SUPPLIED MATERIAL
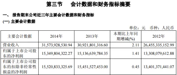 白酒巨頭貴州茅臺股份公司今日晚間公布2014年年報,2014年起實現銷售收入315.73億元,實現凈利潤153.49億元,分別同比2013年增長2.11%和1.41%,公司擬對公司全體股東每10股派送紅股1股、每10股派發現金紅利43.74元(含稅)。
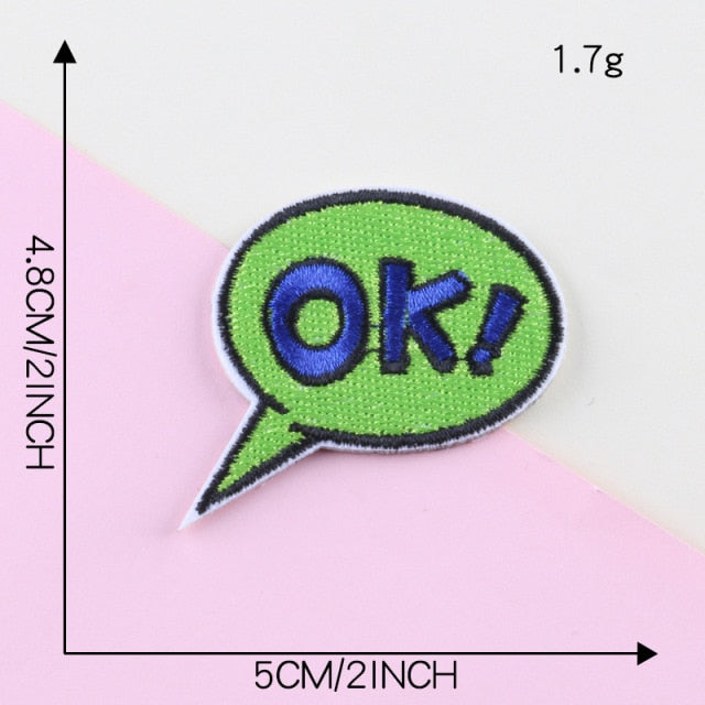 Comic Bubble 'OK!' Embroidered Sew Iron On Patch Description:
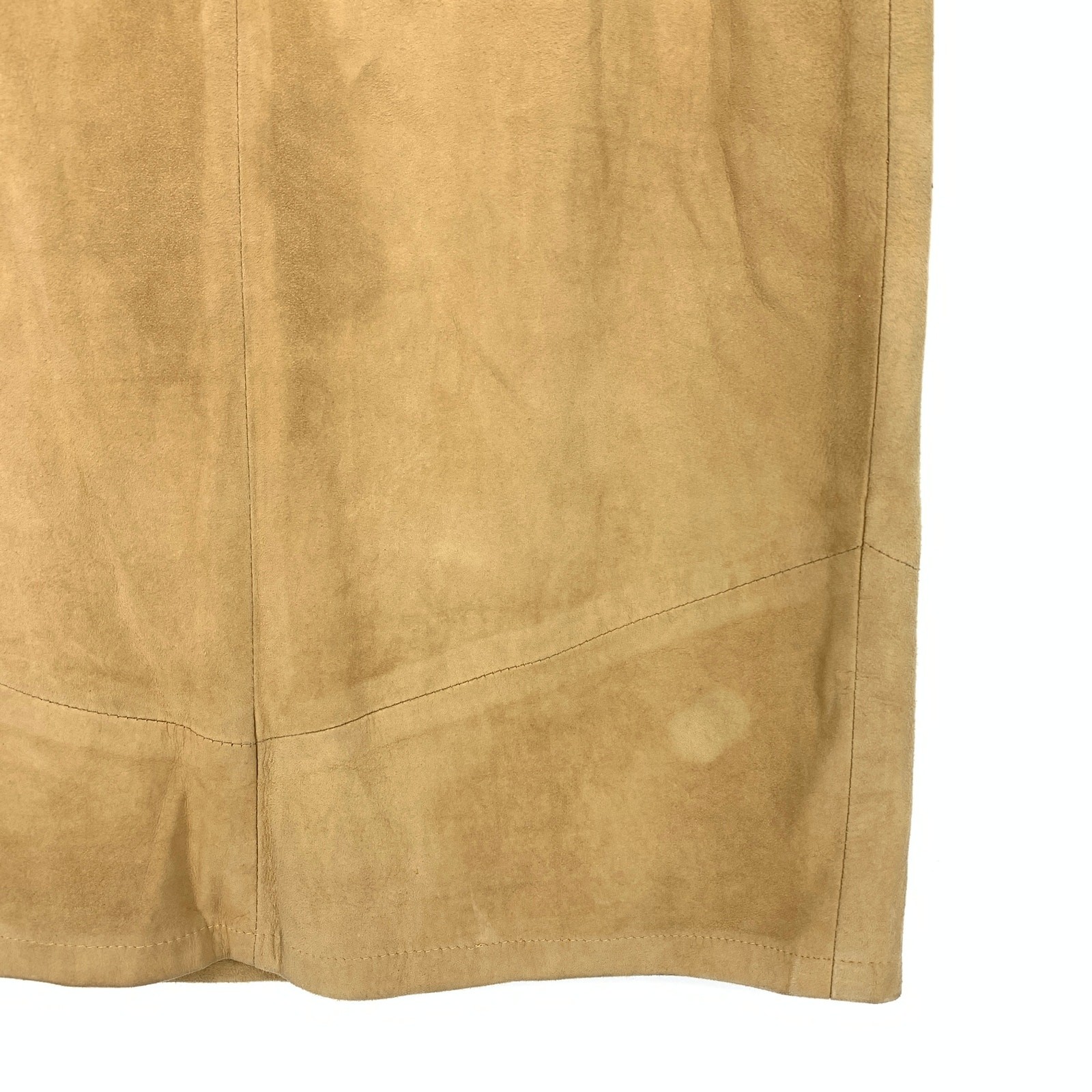 Vintage Vakko Suede Leather Skirt Womens Size 25 Tan Midi Length
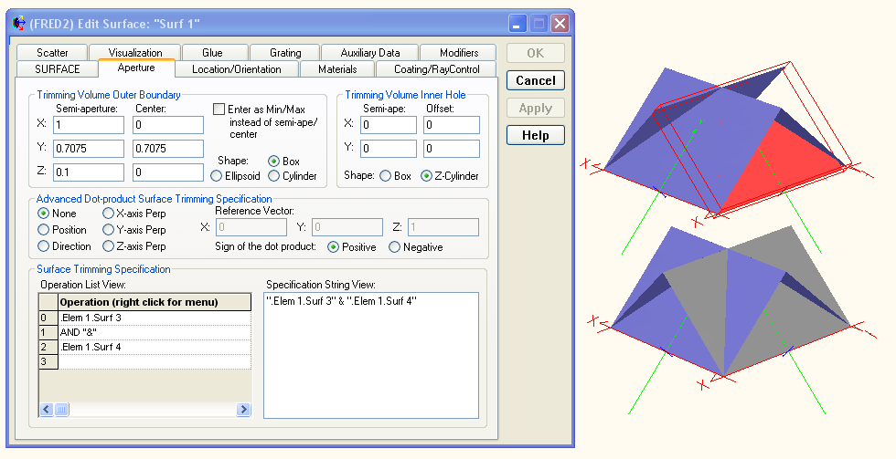 Step 5: Trim the excess from each surface At this point the base pyramid is constructed but we wish to trim away the unnecessary areas of each plane. This can be accomplished in the Aperture tab of each surface dialog in the "Surface Trimming Specification" section. For a detailed description of trimming operations in FRED, please see the help topics Apertures, Trimming Volumes and Trimming Objects and Trimming Logic.
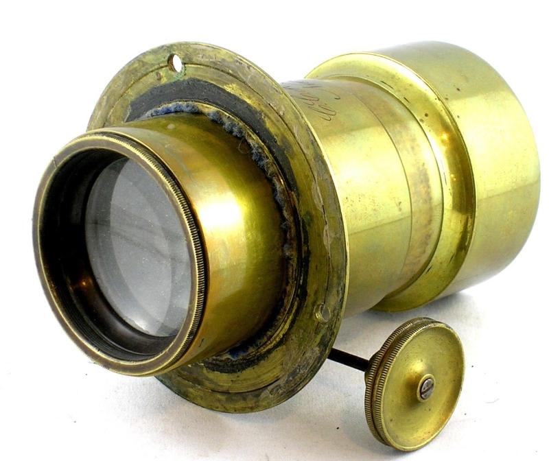 Almost since the beginning of Daguerreotypy, opticians competed, mostly for bragging rights, to make the largest portrait lenses. C.C. Harrison, Andrew Ross and Voigtlander were are few of the earliest to compete (1850s and 60s) in making some very large portrait (Petzval) lenses. In 1864, Voigtlander produced a Petzval lens with 8 inch diameter lenses. This was given serial number 16,000 and was a point of pride for Voigtlander and put on display. As the years passed, attempts to make larger and faster lenses continued leading up to the Dallmeyer lens shown above. But again, these were typically custom made or "one-off" lenses and were not produced for regular trade.
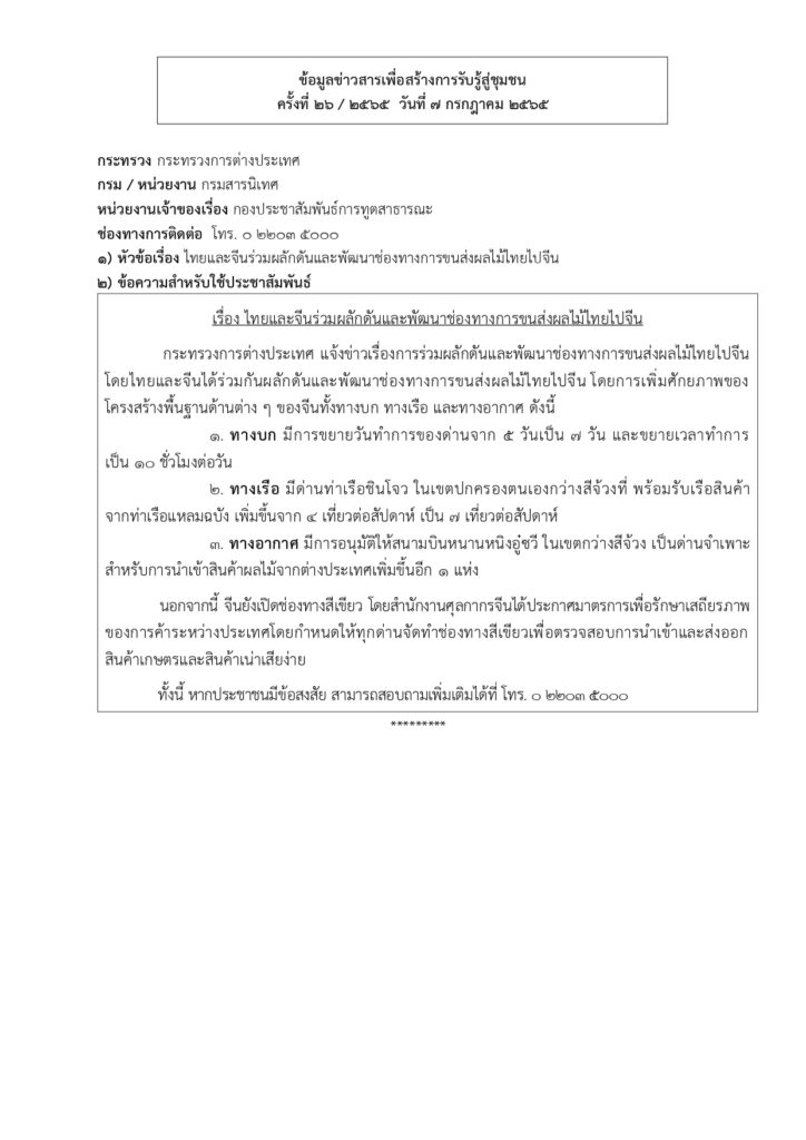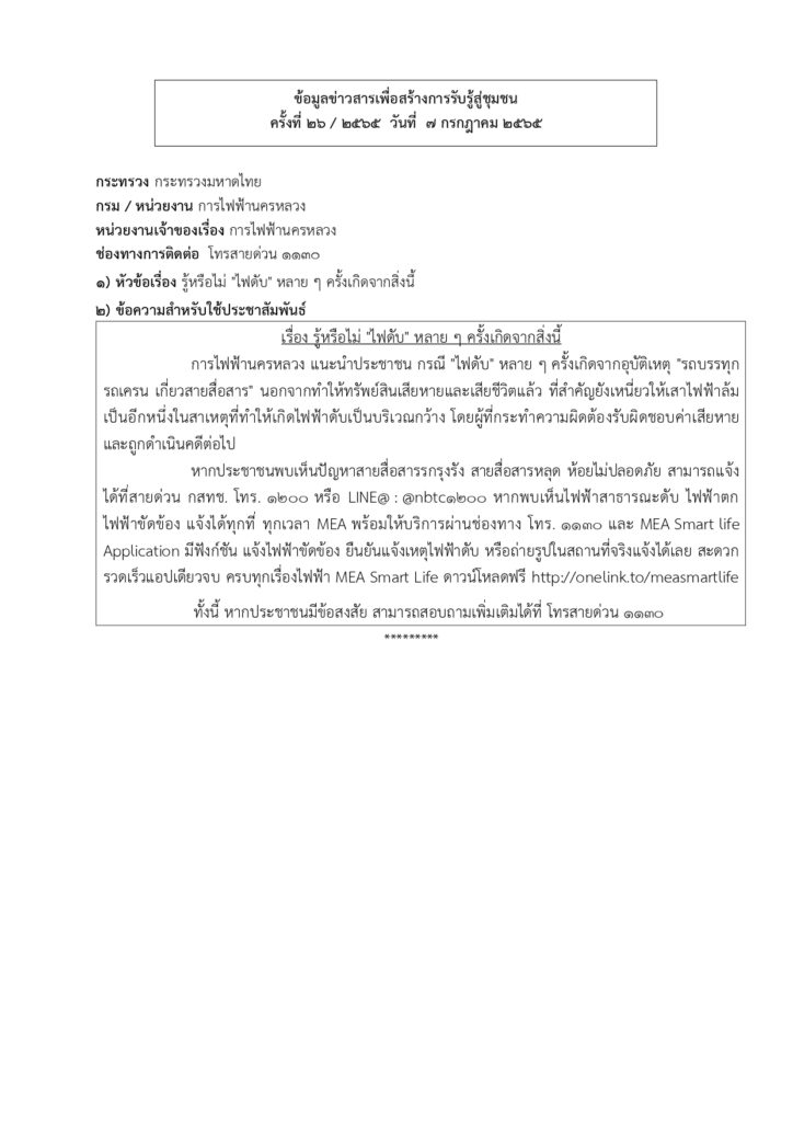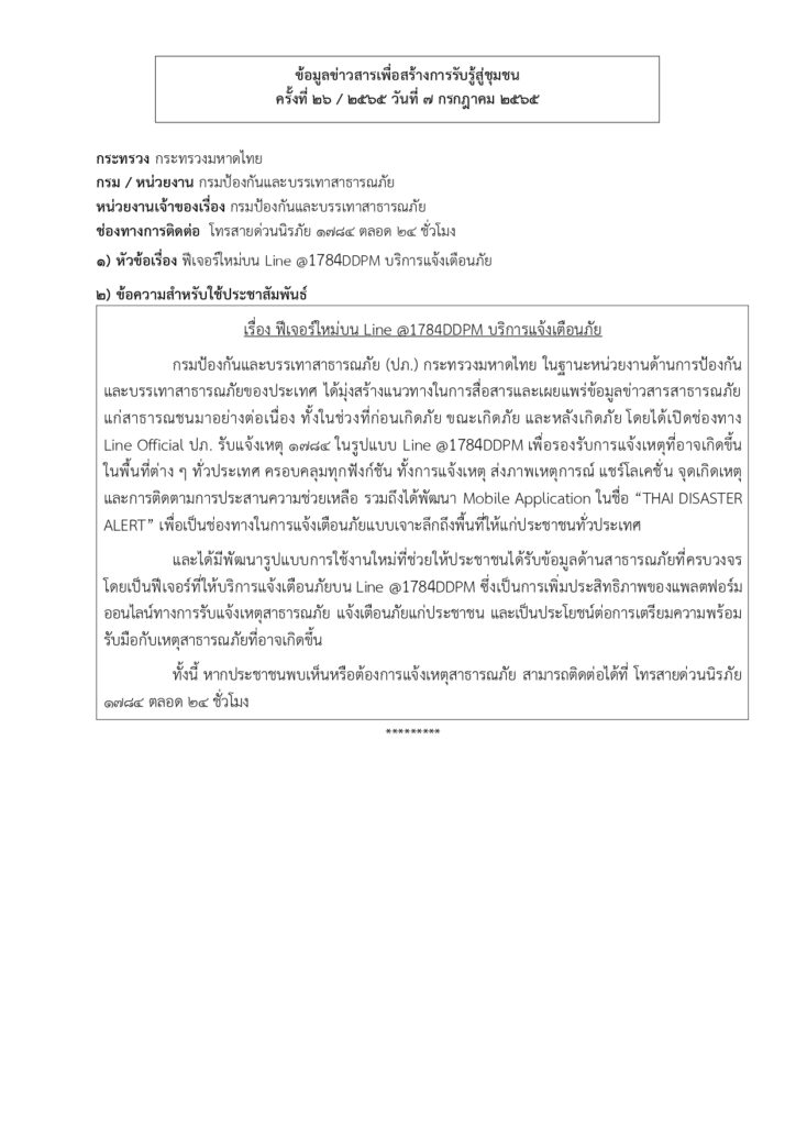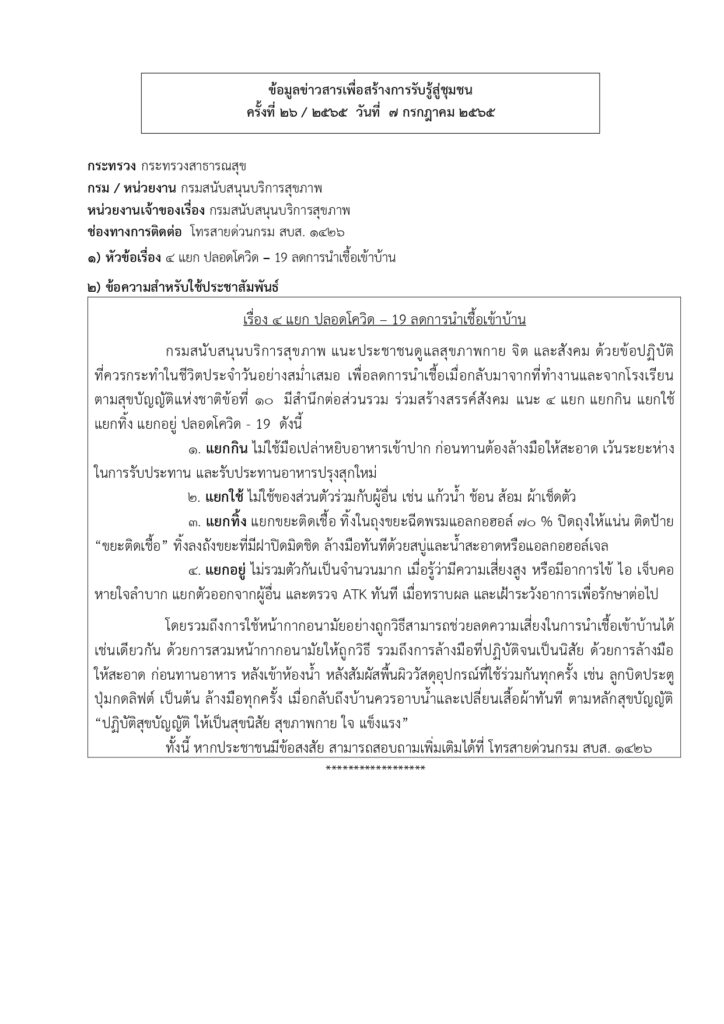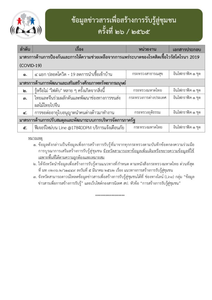 ข้อมูลข่าวสารเพื่อสร้างการรับรู้สู่ชุมชน ครั้งที่ ๒๖/๒๕๖๕ Loading... Taking too long? Reload document | Open in new tab 0 Share FacebookTwitterGoogle+ReddItWhatsAppPinterestอีเมล์

WHAT TO WORK ON
No pictures belong in the answer; copy all other parts of the listing exactly.

YOUR RESPONSE
 白酒巨頭貴州茅臺股份公司今日晚間公布2014年年報,2014年起實現銷售收入315.73億元,實現凈利潤153.49億元,分別同比2013年增長2.11%和1.41%,公司擬對公司全體股東每10股派送紅股1股、每10股派發現金紅利43.74元(含稅)。
 Comic Bubble 'OK!' Embroidered Sew Iron On Patch Description:
 Vintage Vakko Suede Leather Skirt Womens Size 25 Tan Midi Length
 Step 5: Trim the excess from each surface At this point the base pyramid is constructed but we wish to trim away the unnecessary areas of each plane. This can be accomplished in the Aperture tab of each surface dialog in the "Surface Trimming Specification" section. For a detailed description of trimming operations in FRED, please see the help topics Apertures, Trimming Volumes and Trimming Objects and Trimming Logic.
 Almost since the beginning of Daguerreotypy, opticians competed, mostly for bragging rights, to make the largest portrait lenses. C.C. Harrison, Andrew Ross and Voigtlander were are few of the earliest to compete (1850s and 60s) in making some very large portrait (Petzval) lenses. In 1864, Voigtlander produced a Petzval lens with 8 inch diameter lenses. This was given serial number 16,000 and was a point of pride for Voigtlander and put on display. As the years passed, attempts to make larger and faster lenses continued leading up to the Dallmeyer lens shown above. But again, these were typically custom made or "one-off" lenses and were not produced for regular trade.
 ข้อมูลข่าวสารเพื่อสร้างการรับรู้สู่ชุมชน ครั้งที่ ๒๖/๒๕๖๕ Loading... Taking too long? Reload document | Open in new tab 0 Share FacebookTwitterGoogle+ReddItWhatsAppPinterestอีเมล์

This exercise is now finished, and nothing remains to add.